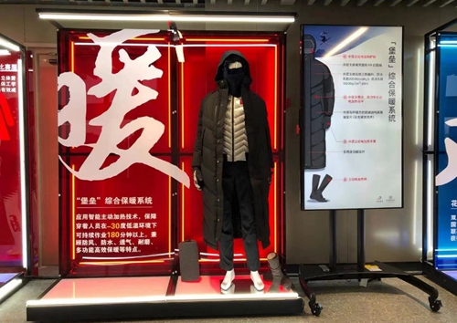 暖是冬季項目的普遍需求。今年崇禮訓練基地在1月6日達到1966年有史以來的最低溫度--零下32度,體感溫度更低,嚴重影響了運動員訓練。對于所有冬季項目都會用到“暖”。劉莉介紹,主要通過兩種途徑:一是提升纖維保暖率,二是只能主動加熱技術,把電能量轉化成熱量。在展示的裝備中,“堡壘”綜合保暖系統集防風、防水、透氣、耐磨多功能高效保暖于一體。裝備包含主動電加熱護臉、馬甲、手套、襪子、坐墊。在-30度環境下可持續作業180分鐘以上,全方位保護人體。
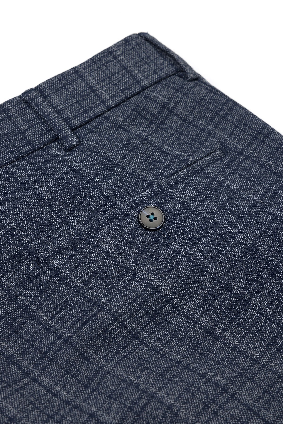 Gri ve lacivertin iç içe geçtiği ekose (kareli) deseni, pantolona derinlik ve dinamizm katarak sade üst giyimlerle dahi şık bir kontrast yaratır.
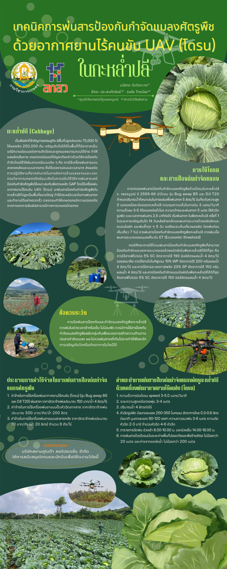 โปสเตอร์ เทคนิคการพ่นสารป้องกันกำจัดแมลงศัตรูพืชด้วยอากาศยานไร้คนขับ UAV (โดรน)ในกะหล่ำปลี27 กุมภาพันธ์ 25674 มีนาคม 2024
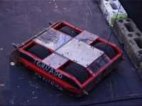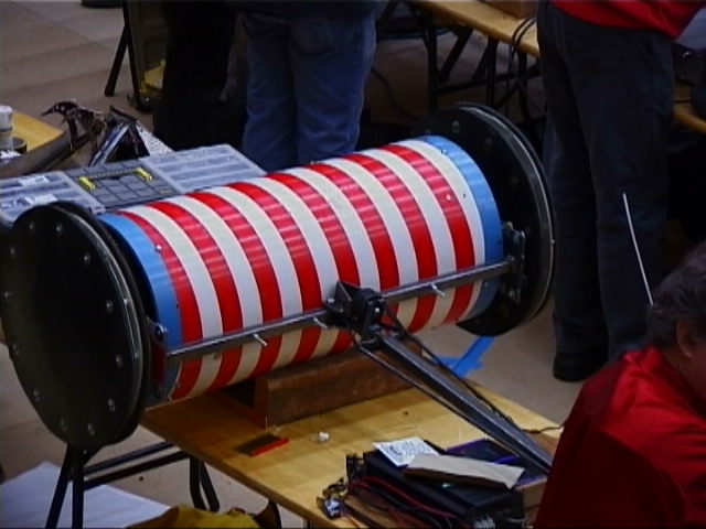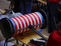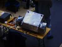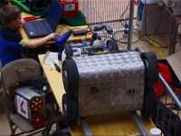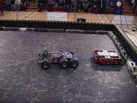 We were first up in the third and final session, against the Scorpion team's specially built Technogames tug of war machine Collosus. It's a 6WD truck, with 3 motors running at 36V, on rear go-kart slick tyres. We didn't know which way it was going to go at the start, but it was soon decided - Collosus weighted only 87kg, and we pulled them to our side of the arena fairly easily.
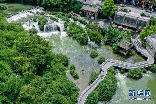 6月9日,游人在貴陽市天河潭旅游度假區(qū)游玩。 夏日的貴陽市天河潭旅游度假區(qū)草木蒼翠,風(fēng)景如畫,吸引游客來此休閑游玩。 新華社記者 歐東衢 攝
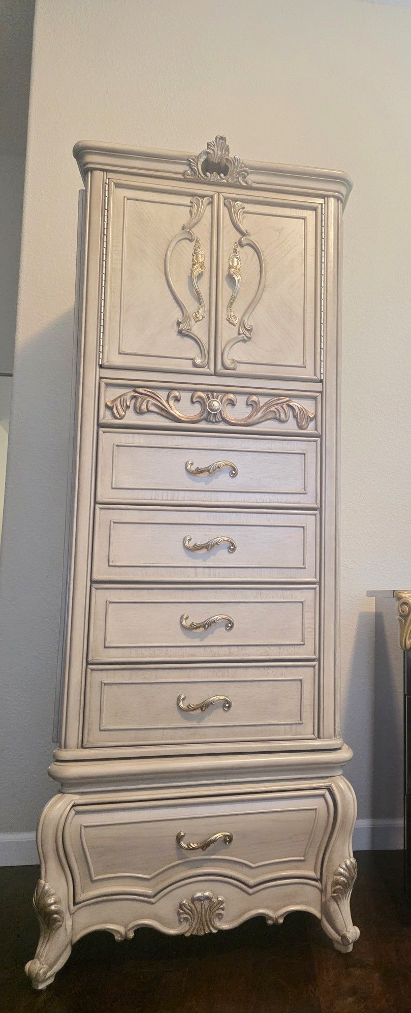 Beautiful Michael Amini × Jane Seymour (AICO) lingerie chest in ivory/pearl with gold accents. Stunning designer piece with elegant curves and carved details. high-quality. ✔ FEATURES: Designer AICO × Jane Seymour collection Ivory pearl finish with gold trim Multiple drawers with smooth glide Soft closing glides allowing for smooth operation Velvet lined jewelry caddy is included Chest swivels to full length mirror on the other side Modern Style Hollywood Regency / Glam style Dimension: 24"W x 19"D x 68"H ✔ CONDITION: Good condition. No major scratches, chips, or damage. Smoke-free, clean home. ✔ PRICE: $960 OBO Cash only Pickup only — bring help. This piece is heavy.
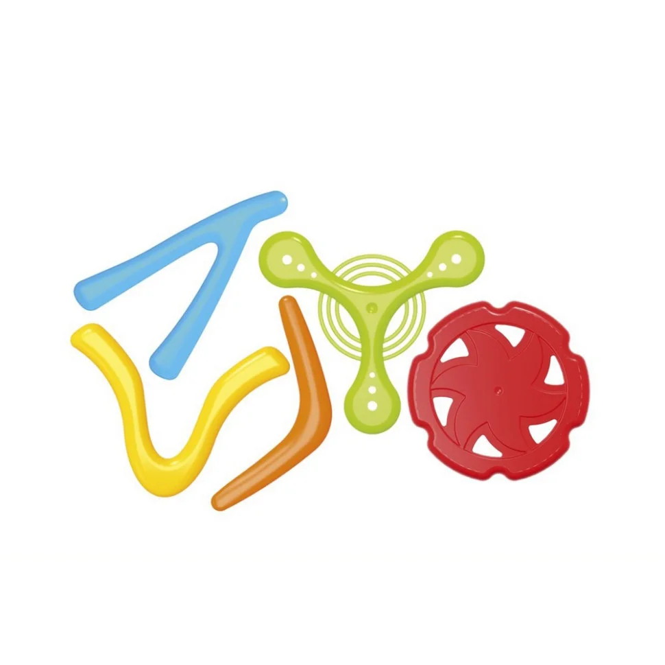 Комплект із п'яти літаючих фігур. Рекомендуємо для розваг усією сім'єю на природі. У комплекті два літаючі диски та три бумеранги. Літаючі диски з поліпшеними аеродинамічними властивостями можна застосовувати в класичних фрісбі-іграх: "Фрістайл", "Дог-фрісбі", "Диск-гольф", а бумеранги дадуть можливість відчути себе справжнім мисливцем.
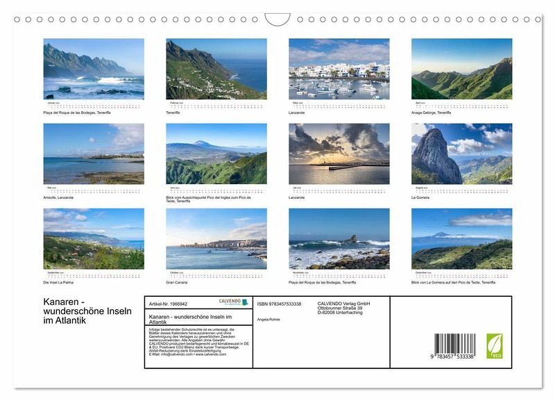QUALITÄT - Hochwertiger Fotokalender mit 12 wunderschönen Motiven auf lichtbeständigem Bilderdruckpapier, robuste Spiralbindung mit Aufhängebügel.NACHHALTIG - deutliche Abfallreduzierung durch bedarfsgerechte Einzelstückfertigung, umweltfreundliches FSC-zertifiziertes Papier, Produktion in Deutschland, klimabewusste Logistik.PERFEKTES GESCHENK - Kalender für Freunde und Familie, für Kinder und Erwachsene, jung und alt, zu Weihnachten, Geburtstag oder zwischendurch.VIELFALT - Bildkalender in verschiedenen Formaten, z.B. DIN A5, DIN A4, DIN A3 sowie DIN A2. Ob Naturmotiv, Gemälde oder Fotos, ideal für ein persönliches Wohlfühlambiente.Eine Entdeckungsreise zu den kanarischen Inseln. von Autor(in): Angela Rohde

#####

• Work order: Output all the records, word for word, with no pictures in the copy.

• Answer to this problem:
 暖是冬季項目的普遍需求。今年崇禮訓練基地在1月6日達到1966年有史以來的最低溫度--零下32度,體感溫度更低,嚴重影響了運動員訓練。對于所有冬季項目都會用到“暖”。劉莉介紹,主要通過兩種途徑:一是提升纖維保暖率,二是只能主動加熱技術,把電能量轉化成熱量。在展示的裝備中,“堡壘”綜合保暖系統集防風、防水、透氣、耐磨多功能高效保暖于一體。裝備包含主動電加熱護臉、馬甲、手套、襪子、坐墊。在-30度環境下可持續作業180分鐘以上,全方位保護人體。
 Gri ve lacivertin iç içe geçtiği ekose (kareli) deseni, pantolona derinlik ve dinamizm katarak sade üst giyimlerle dahi şık bir kontrast yaratır.
 โปสเตอร์ เทคนิคการพ่นสารป้องกันกำจัดแมลงศัตรูพืชด้วยอากาศยานไร้คนขับ UAV (โดรน)ในกะหล่ำปลี27 กุมภาพันธ์ 25674 มีนาคม 2024
 We were first up in the third and final session, against the Scorpion team's specially built Technogames tug of war machine Collosus. It's a 6WD truck, with 3 motors running at 36V, on rear go-kart slick tyres. We didn't know which way it was going to go at the start, but it was soon decided - Collosus weighted only 87kg, and we pulled them to our side of the arena fairly easily.
 6月9日,游人在貴陽市天河潭旅游度假區(qū)游玩。 夏日的貴陽市天河潭旅游度假區(qū)草木蒼翠,風(fēng)景如畫,吸引游客來此休閑游玩。 新華社記者 歐東衢 攝
 Beautiful Michael Amini × Jane Seymour (AICO) lingerie chest in ivory/pearl with gold accents. Stunning designer piece with elegant curves and carved details. high-quality. ✔ FEATURES: Designer AICO × Jane Seymour collection Ivory pearl finish with gold trim Multiple drawers with smooth glide Soft closing glides allowing for smooth operation Velvet lined jewelry caddy is included Chest swivels to full length mirror on the other side Modern Style Hollywood Regency / Glam style Dimension: 24"W x 19"D x 68"H ✔ CONDITION: Good condition. No major scratches, chips, or damage. Smoke-free, clean home. ✔ PRICE: $960 OBO Cash only Pickup only — bring help. This piece is heavy.
 Комплект із п'яти літаючих фігур. Рекомендуємо для розваг усією сім'єю на природі. У комплекті два літаючі диски та три бумеранги. Літаючі диски з поліпшеними аеродинамічними властивостями можна застосовувати в класичних фрісбі-іграх: "Фрістайл", "Дог-фрісбі", "Диск-гольф", а бумеранги дадуть можливість відчути себе справжнім мисливцем.
QUALITÄT - Hochwertiger Fotokalender mit 12 wunderschönen Motiven auf lichtbeständigem Bilderdruckpapier, robuste Spiralbindung mit Aufhängebügel.NACHHALTIG - deutliche Abfallreduzierung durch bedarfsgerechte Einzelstückfertigung, umweltfreundliches FSC-zertifiziertes Papier, Produktion in Deutschland, klimabewusste Logistik.PERFEKTES GESCHENK - Kalender für Freunde und Familie, für Kinder und Erwachsene, jung und alt, zu Weihnachten, Geburtstag oder zwischendurch.VIELFALT - Bildkalender in verschiedenen Formaten, z.B. DIN A5, DIN A4, DIN A3 sowie DIN A2. Ob Naturmotiv, Gemälde oder Fotos, ideal für ein persönliches Wohlfühlambiente.Eine Entdeckungsreise zu den kanarischen Inseln. von Autor(in): Angela Rohde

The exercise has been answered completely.